I believe this is an artifact of JIS_X0201, which is, to my knowledge, the first major Japanese 8-bit encoding and mostly 7-bit ASCII + Katakana (that character set you see in old Japanese video games) and some Japan-specific symbols filling the other half of the 8-bit space.

In it, byte 0x23 was changed from "\" to "¥".

The history is fascinating:

> The 1964 ISO draft reserved the positions 0x24 and 0x5c for first and second currency symbols to be assigned by each country, but it was considered too dangerous in international communications to use currency symbols that could be localized. The ISO committee had two options that to use a generic currency symbol (¤) or to give the dollar ($) and pound (£) signs permanent assignments. It was agreed that the dollar sign was assigned to position 0x24 and the pound sign was to position 0x23. The latter was not required in countries that did not need the pound sign. The JIS committee decided to put the yen sign (¥) in 0x5c (one of the national use positions).

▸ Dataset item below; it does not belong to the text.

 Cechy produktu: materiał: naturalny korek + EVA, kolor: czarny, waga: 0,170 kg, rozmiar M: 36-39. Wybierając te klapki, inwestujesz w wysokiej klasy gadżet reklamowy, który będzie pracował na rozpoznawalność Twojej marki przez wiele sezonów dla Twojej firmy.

https://en.wikipedia.org/wiki/JIS_X_0201

It's legacy lived on in Shift JIS which Window's extended and resulted in Japanese Windows computers having file paths like "C:¥Users¥MyName" and escape sequences like "¥n"

All this to say, my respect for Japanese devs who work with encoding is top-tier.

2 comments

Related to this, when I was in Japan in the '90s I had to get used to "¥" being the directory separator, so a path might be:

C:¥Program Files¥Microsoft¥Office¥word.exe

It is still true nowadays. For Japanese version of Windows, you will see a lot of ¥ in all kinds of pathes.